PROBLEM STATEMENT: Wherever a picture sits, omit it. Output the rest of the listing exactly.

DATA SHOWN:

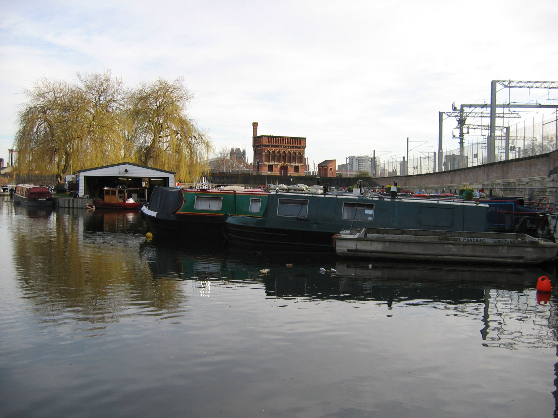 st pancras cruising club, regents canal, london
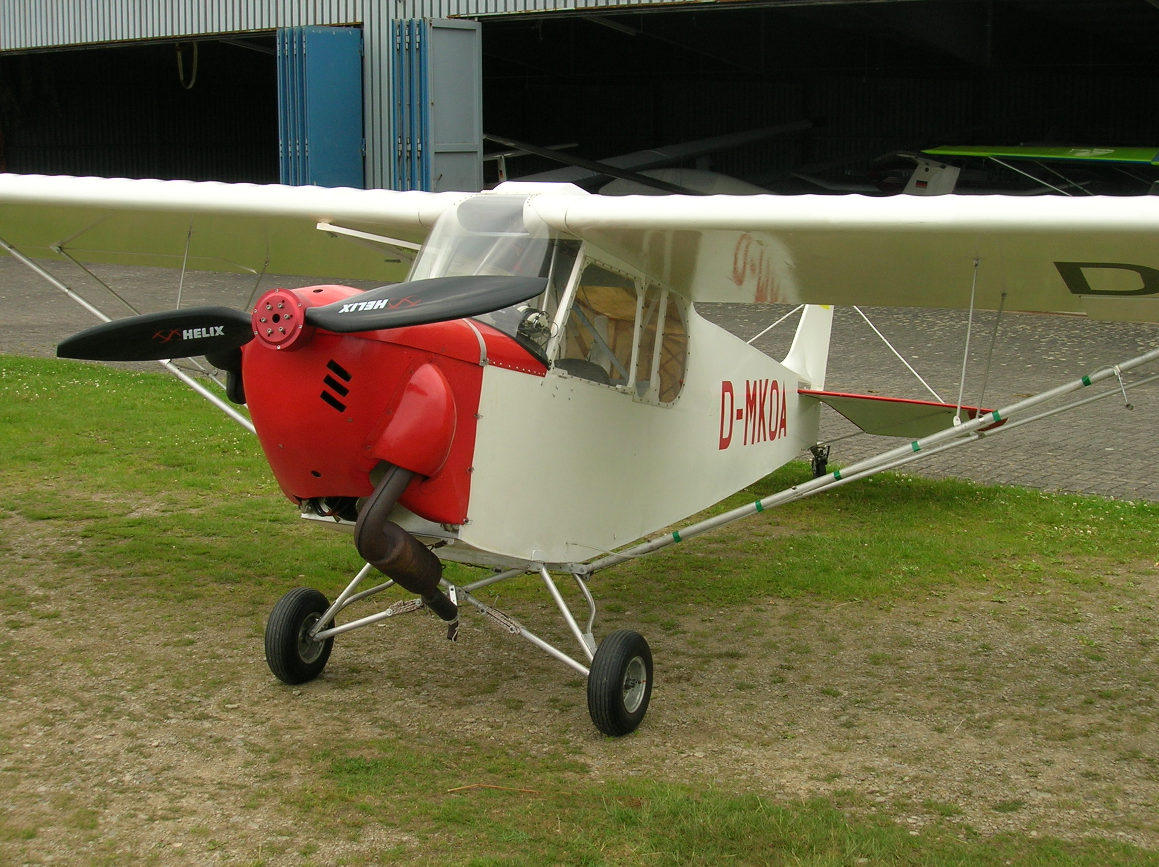 Fisher FP-202 Koala. Picture was taken at german airfield Schmallenberg-Rennefeld
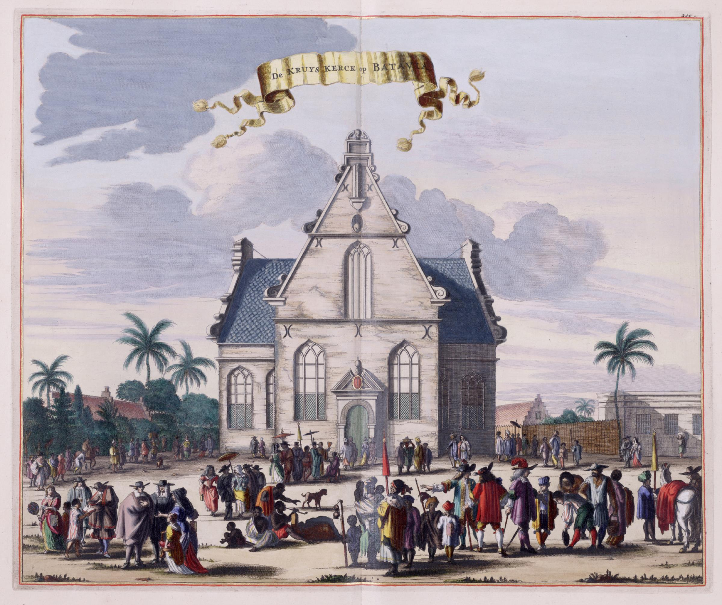 The Dutch church or 'Kruiskerk' at Batavia. A crowd of people is depicted on the square before the church. Top right: 200. Cf. Westfries Museum, inv. nr. 15241.08. The prints in the Atlas Van Stolk and Koninklijke Bibliotheek, Den Haag, inv. nr. 388 A 9 part II, after p. 200, are in black and white, while the print from the Koninklijke Bibliotheek (Atlas van der Hagen, Koninklijke Bibliotheek, The Hague Part 4) has been coloured in.
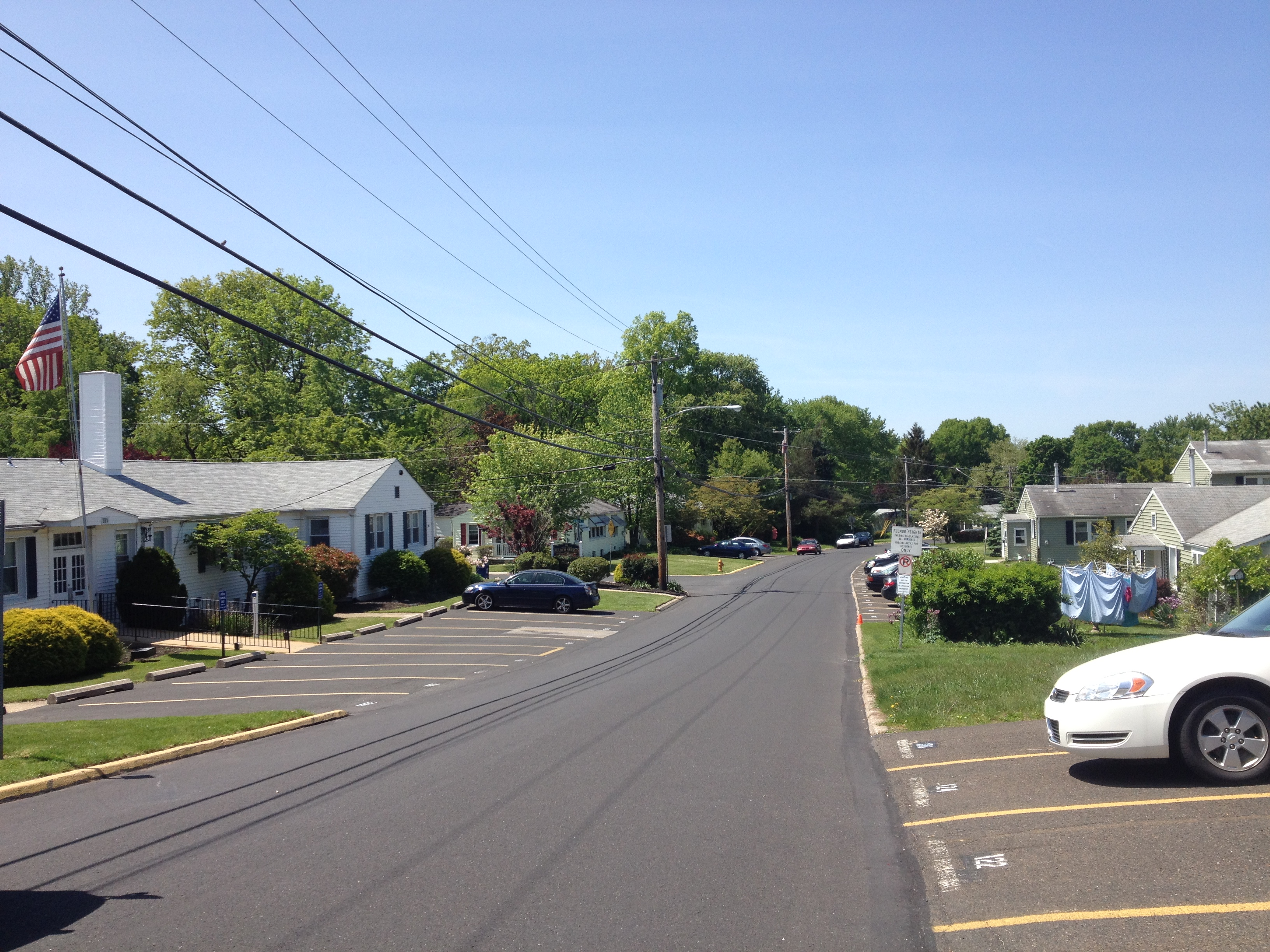 Fitch Road in Fulmor Heights, Pennsylvania looking south

ANSWER TO THIS EXERCISE:
 st pancras cruising club, regents canal, london
 Fisher FP-202 Koala. Picture was taken at german airfield Schmallenberg-Rennefeld
 The Dutch church or 'Kruiskerk' at Batavia. A crowd of people is depicted on the square before the church. Top right: 200. Cf. Westfries Museum, inv. nr. 15241.08. The prints in the Atlas Van Stolk and Koninklijke Bibliotheek, Den Haag, inv. nr. 388 A 9 part II, after p. 200, are in black and white, while the print from the Koninklijke Bibliotheek (Atlas van der Hagen, Koninklijke Bibliotheek, The Hague Part 4) has been coloured in.
 Fitch Road in Fulmor Heights, Pennsylvania looking south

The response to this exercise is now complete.